* _TASK INSTRUCTIONS_: When the line with "ロング丈でセミフレアのシルエ" turns up below, begin repeating exactly, and carry on through the line with "This vibrant, colorful"; no pictures go into the copy.

* _EXERCISE MATERIAL_:
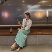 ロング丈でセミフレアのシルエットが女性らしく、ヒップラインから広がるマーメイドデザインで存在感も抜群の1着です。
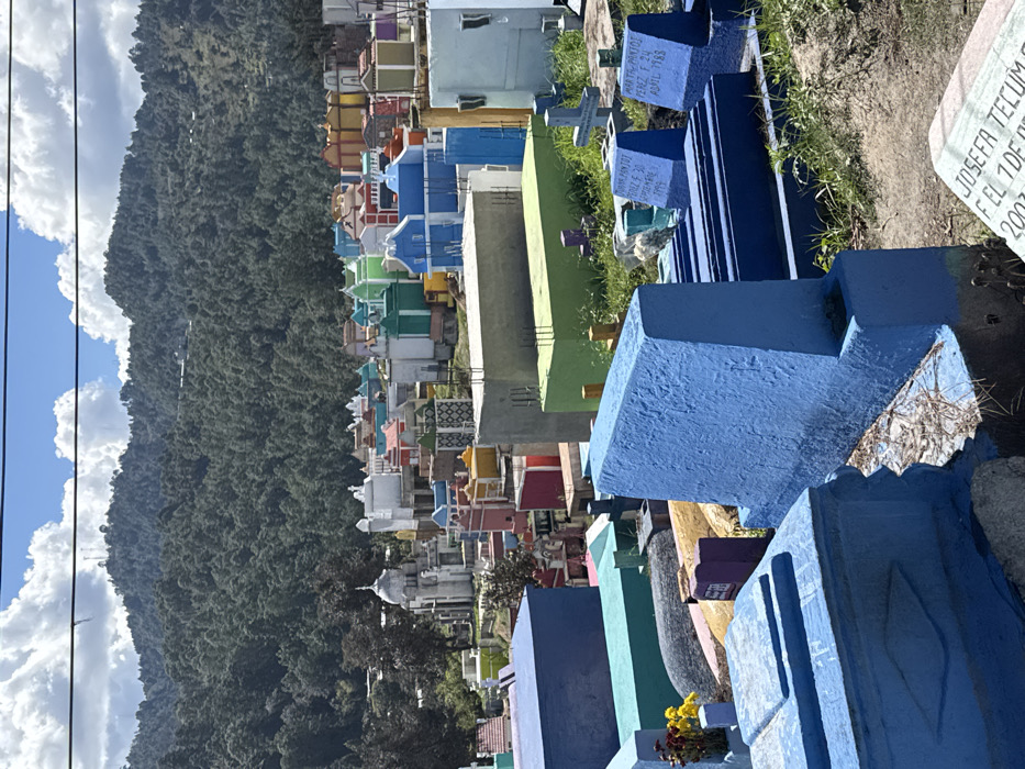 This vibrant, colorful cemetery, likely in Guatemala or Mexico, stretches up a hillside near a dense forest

* * *

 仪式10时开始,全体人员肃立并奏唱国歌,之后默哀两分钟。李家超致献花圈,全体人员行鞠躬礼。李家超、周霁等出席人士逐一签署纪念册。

---

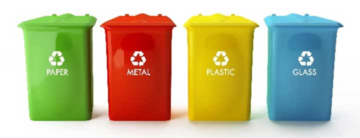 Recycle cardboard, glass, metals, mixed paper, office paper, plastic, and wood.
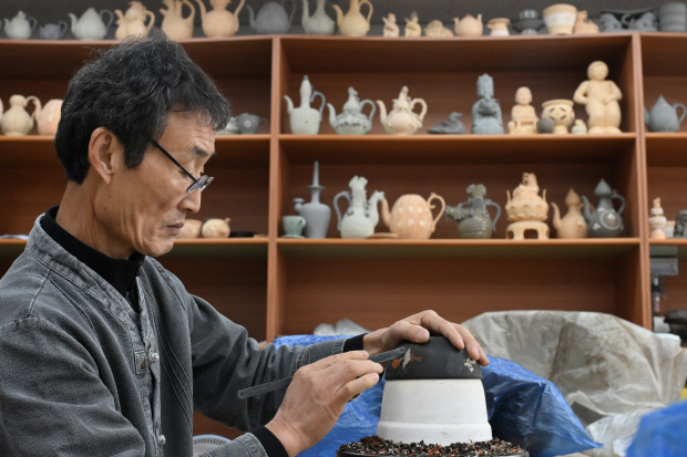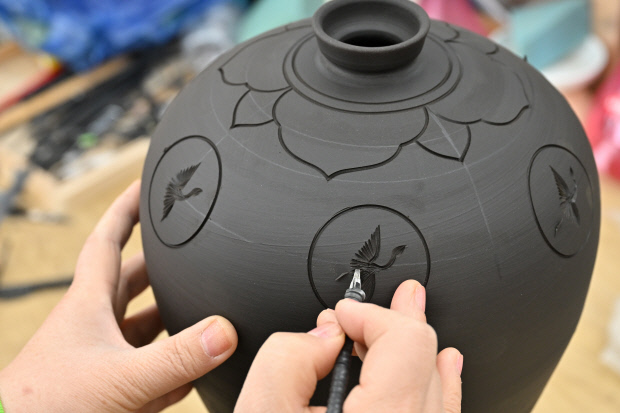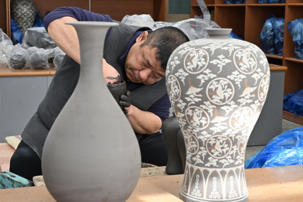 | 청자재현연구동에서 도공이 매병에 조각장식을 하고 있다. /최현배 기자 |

* _RESPONSE TO THIS EXERCISE_:
 ロング丈でセミフレアのシルエットが女性らしく、ヒップラインから広がるマーメイドデザインで存在感も抜群の1着です。
 This vibrant, colorful cemetery, likely in Guatemala or Mexico, stretches up a hillside near a dense forest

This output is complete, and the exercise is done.